China has changed the names of hundreds of villages in Xinjiang region in a move aimed at erasing Uyghur Muslim culture, Human Rights Watch (HRW) says.

According to a report by the group, hundreds of villages in Xinjiang with names related to the religion, history or culture of Uyghurs were replaced between 2009 and 2023.

Words such as “sultan” and “shrine” are disappearing from place names – to be replaced with terms such as “harmony” and “happiness”, according to the research, which is based on China’s own published data.

China’s embassy in London denied the allegations.

In recent years, Chinese authorities have been radically overhauling society in Xinjiang in an attempt to assimilate its minority Uyghur population into mainstream Chinese culture.

Researchers from HRW and Norway-based organisation Uyghur Hjelp studied the names of villages in Xinjiang from the website of the National Bureau of Statistics of China over the 14-year period.

They found the names of 3,600 of the 25,000 villages in Xinjiang were changed during this time.

While the majority of these name changes “appear mundane”, HRW said, around one fifth – or 630 changes – remove references to Uyghur religion, culture or history.

Words freighted with meaning for China’s Uyghur population – including Hoja, a title for a Sufi religious teacher, and political or honorific titles such as Sultan and beg – have been replaced with words HRW claims reflect “recent Chinese Communist Party ideology”, including “harmony” and “happiness”.

In one example highlighted by the report, Aq Meschit (“white mosque”) in Akto County, a village in the southwest of Xinjiang, was renamed Unity village in 2018.

growing body of evidence points to systematic human rights abuses against the country’s Uyghur Muslim population.
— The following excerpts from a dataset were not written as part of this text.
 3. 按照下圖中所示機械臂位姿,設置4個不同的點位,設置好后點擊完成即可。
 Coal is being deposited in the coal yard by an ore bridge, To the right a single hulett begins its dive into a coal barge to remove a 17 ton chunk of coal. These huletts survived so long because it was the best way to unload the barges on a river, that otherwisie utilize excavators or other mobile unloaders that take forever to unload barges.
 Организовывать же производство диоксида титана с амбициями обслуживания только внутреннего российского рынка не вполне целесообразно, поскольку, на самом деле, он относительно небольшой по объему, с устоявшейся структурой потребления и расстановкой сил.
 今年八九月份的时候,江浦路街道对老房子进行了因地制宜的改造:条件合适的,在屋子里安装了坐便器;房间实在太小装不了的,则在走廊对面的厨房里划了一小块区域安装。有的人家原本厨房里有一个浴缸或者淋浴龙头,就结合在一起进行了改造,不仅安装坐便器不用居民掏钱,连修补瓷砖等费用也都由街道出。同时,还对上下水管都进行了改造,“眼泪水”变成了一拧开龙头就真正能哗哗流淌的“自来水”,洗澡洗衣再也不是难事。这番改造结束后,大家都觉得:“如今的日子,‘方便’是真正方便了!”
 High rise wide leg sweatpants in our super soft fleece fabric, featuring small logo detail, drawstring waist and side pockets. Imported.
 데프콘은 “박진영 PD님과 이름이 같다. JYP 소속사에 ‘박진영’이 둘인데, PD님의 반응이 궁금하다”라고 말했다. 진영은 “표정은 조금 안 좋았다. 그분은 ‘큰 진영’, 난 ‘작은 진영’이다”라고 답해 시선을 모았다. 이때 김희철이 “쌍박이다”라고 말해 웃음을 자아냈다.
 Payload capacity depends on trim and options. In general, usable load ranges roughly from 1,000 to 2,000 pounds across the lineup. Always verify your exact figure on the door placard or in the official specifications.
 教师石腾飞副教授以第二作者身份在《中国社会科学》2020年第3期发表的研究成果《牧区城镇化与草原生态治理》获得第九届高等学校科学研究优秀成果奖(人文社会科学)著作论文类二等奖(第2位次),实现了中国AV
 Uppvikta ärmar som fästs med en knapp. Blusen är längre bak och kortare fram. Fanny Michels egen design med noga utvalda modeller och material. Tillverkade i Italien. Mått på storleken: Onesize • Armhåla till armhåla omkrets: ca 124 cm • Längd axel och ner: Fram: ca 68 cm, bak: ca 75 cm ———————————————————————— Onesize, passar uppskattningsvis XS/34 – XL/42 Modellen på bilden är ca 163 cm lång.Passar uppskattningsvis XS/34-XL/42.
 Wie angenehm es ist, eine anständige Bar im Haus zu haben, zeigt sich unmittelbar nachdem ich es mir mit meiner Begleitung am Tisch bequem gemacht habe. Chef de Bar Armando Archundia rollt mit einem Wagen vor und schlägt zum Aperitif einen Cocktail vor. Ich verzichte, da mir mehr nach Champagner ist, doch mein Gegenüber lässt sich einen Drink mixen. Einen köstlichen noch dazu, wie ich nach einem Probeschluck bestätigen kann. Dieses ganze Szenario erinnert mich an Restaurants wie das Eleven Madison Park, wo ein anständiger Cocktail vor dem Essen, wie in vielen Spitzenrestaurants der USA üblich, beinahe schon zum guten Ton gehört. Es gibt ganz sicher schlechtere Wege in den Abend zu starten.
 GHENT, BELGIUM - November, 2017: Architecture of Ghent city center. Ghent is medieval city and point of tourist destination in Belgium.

Beijing denies the accusations.

Most of China’s Uygur Muslims live in the north-west of the country, in areas such as Xinjiang, Qinghai, Gansu and Ningxia.

In a statement to the BBC, a Chinese embassy spokesperson in London denied the accusations.

“People of all ethnic groups enjoy freedom of religious belief under the law. The languages and cultures of the Uyghurs and other ethnic minorities are protected and promoted,” they said.

There are roughly 20 million Muslims in China. While China is officially an atheist country, the authorities say they are tolerant of religious freedom.

However, in recent years observers say they have witnessed a crackdown on organised religion across the country.

According to HRW, while the renaming of villages and towns appears ongoing, most of the place names were changed between 2017 and 2019.

The group claims this coincides with an escalation in hostilities against the Uyghur population in Xinjiang.

China has used the threat of “violent terrorism, radicalisation and separatism” in the past to justify the mass detention of the country’s minority Uyghur population.

Maya Wang, the acting China director at Human Rights Watch, said: “The Chinese authorities have been changing hundreds of village names in Xinjiang from those rich in meaning for Uyghurs to those that reflect government propaganda

“These name changes appear part of Chinese government efforts to erase the cultural and religious expressions of Uyghurs,” she added.

The research follows a report published last year in which HRW accused the Chinese state of closing, destroying and repurposing mosques in an effort to curb the practise of Islam in China.